Government researchers in China have asked a select group of farmers to monitor abnormal behavior among their livestock — behaviors that could be indicative of imminent earthquakes.
As the China Daily newspaper reported last week, the seismological bureau in Nanjing has converted seven animal farms into “seismic stations” with plans to develop several more.
Animals under observation include chickens, fish, boars, and toads. The farmers will be on the lookout for such behaviors as chickens flying on top of tree branches, fish leaping out of the water, and toads moving as a group. The bureau wants the farmers to report animal behavior twice a day using QQ, an instant messaging program popular in China. And to assist them in their task, cameras have been set up for constant monitoring.
“Seismological experts will analyze reported abnormalities to decide whether or not a possible earthquake is imminent,” noted Zhou Hongbing, a breeder turned earthquake observer at Banqiao Ecological Park.
Over the coming months, Nanjing wants to add another seven farms to the project. To qualify, candidate farms need to have enough space and sample animals to perform the required cross checks. Preferred farms also need to be located in quiet neighborhoods away from factories or mines. As pointed out by Shen Zhijun, a keeper at Hongshan Forest Zoo in Nanjing, animals used to forecast earthquakes need to be sensitive to infrasound, but not other changes in environment or weather.
But is there any truth to the assertion that animals can predict earthquakes? There certainly seems to be plenty of anecdotal evidence. As China Daily reports:
As early as the 1970s, 58 kinds of animals are were found to display abnormal behavior before earthquakes. They included wild and domesticated animals such as cats, dogs, pandas, fish, snakes, rats, ants and bees, according to a survey by the Institute of Zoology, Chinese Academy of Sciences.
Cave animals, such as rats and snakes, are found to be more sensitive than those living above the ground, and smaller ones more sensitive than bigger ones.

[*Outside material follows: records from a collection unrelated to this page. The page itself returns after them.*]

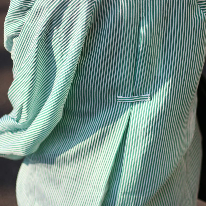 さらに後ろ身頃にはボックスタックを施し、衿ぐり下までは中縫い、そこから解放してタブ&カンヌキで留める構造にすることで、タックが開きすぎず、美しいバックシルエットが生まれます。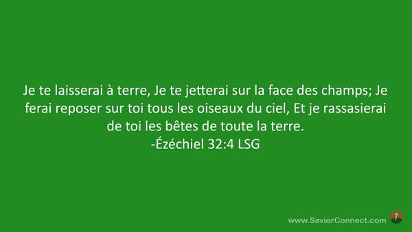 Je te laisserai à terre, Je te jetterai sur la face des champs; Je ferai reposer sur toi tous les oiseaux du ciel, Et je rassasierai de toi les bêtes de toute la terre. -Ézéchiel 32:4 LSG
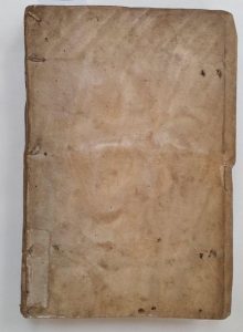 Large mouillure rousse aux cahiers g et h, mouillure claire à plusieurs cahiers. Travail de ver dans le blanc du titre, sans gravité. Traces d'une ancienne étiquette de cote en bas du dos.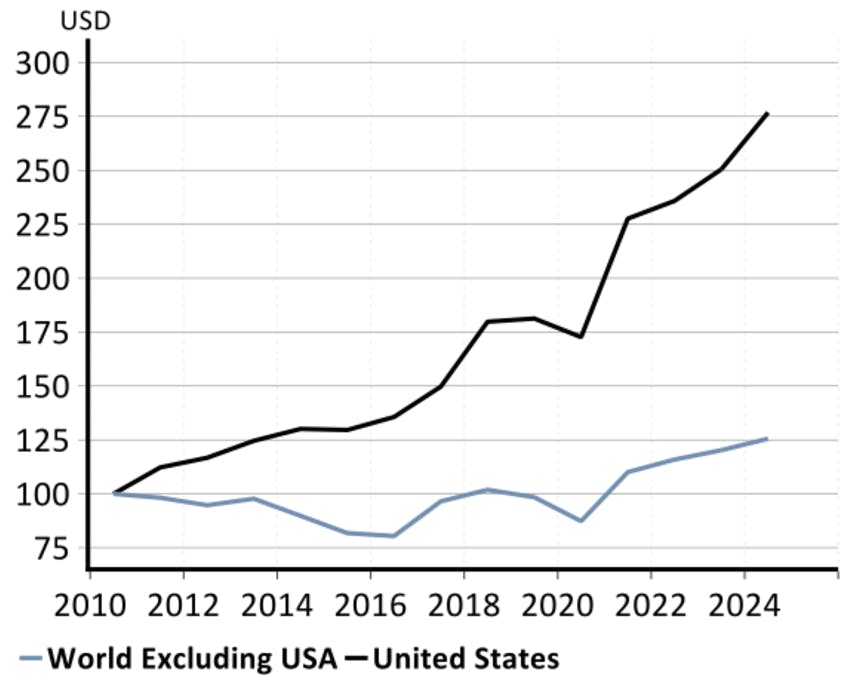 For example, US equities have a higher P/E ratio than most other developed markets (called "trading at a premium") versus other regions. However, they also benefit from very strong corporate earnings and robust US economic growth, especially post Covid. As a result, the US market has a high P/E versus other regions, but it is a premium valuation we believe US equities deserve. The chart below highlights as well how earnings growth differs between the US and the rest of the world. Earnings in the US have been growing much more strongly than elsewhere, and with the US economy on strong footing, we believe US earnings will remain supported.

Records of quakes show that animals displayed abnormal behavior before they occured. For example, six weeks before the devastating earthquake in Yingkou, Northeast China’s Liaoning province, in 1975, snakes in hibernation left their caves and geese kept honking and refusing to enter their nests. Also before the deadly earthquake striking Tangshan, North China’s Hebei province, hordes of rats were seen fleeing nests and more than 100 skunks migrating.

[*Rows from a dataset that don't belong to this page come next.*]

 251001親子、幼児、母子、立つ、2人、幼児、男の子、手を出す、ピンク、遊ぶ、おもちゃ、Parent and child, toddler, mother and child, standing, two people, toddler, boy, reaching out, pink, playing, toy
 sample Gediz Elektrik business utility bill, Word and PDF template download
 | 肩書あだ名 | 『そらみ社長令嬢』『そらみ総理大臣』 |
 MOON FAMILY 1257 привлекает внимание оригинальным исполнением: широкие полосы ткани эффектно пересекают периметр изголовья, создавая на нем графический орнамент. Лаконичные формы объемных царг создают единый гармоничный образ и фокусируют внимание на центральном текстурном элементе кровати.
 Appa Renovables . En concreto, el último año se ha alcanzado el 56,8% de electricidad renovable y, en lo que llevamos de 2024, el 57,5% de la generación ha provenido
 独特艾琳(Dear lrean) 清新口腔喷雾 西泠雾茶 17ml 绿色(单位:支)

Still, scientists aren’t entirely sure if a connection truly exists; much more empirical evidence is required. Hopefully this project in China will provide some much needed data. It’s worth pointing out, however, that a recent study showed measurable changes in animal activity prior to a magnitude 7 earthquake in the Peruvian Andes. Rats in particular seem attuned to seismic disturbances. The scientists theorize that ionospheric perturbations may be sensed by animals, who react by fleeing their immediate area.
All this said, the Chinese scientists have their work cut out for them. It’ll be extraordinarily difficult to correlate “abnormal” animal behavior in relation to an ensuing earthquake. The researchers will run the risk of reading too much into certain behaviors. But if links can be established, this could prove to be a tremendously beneficial project.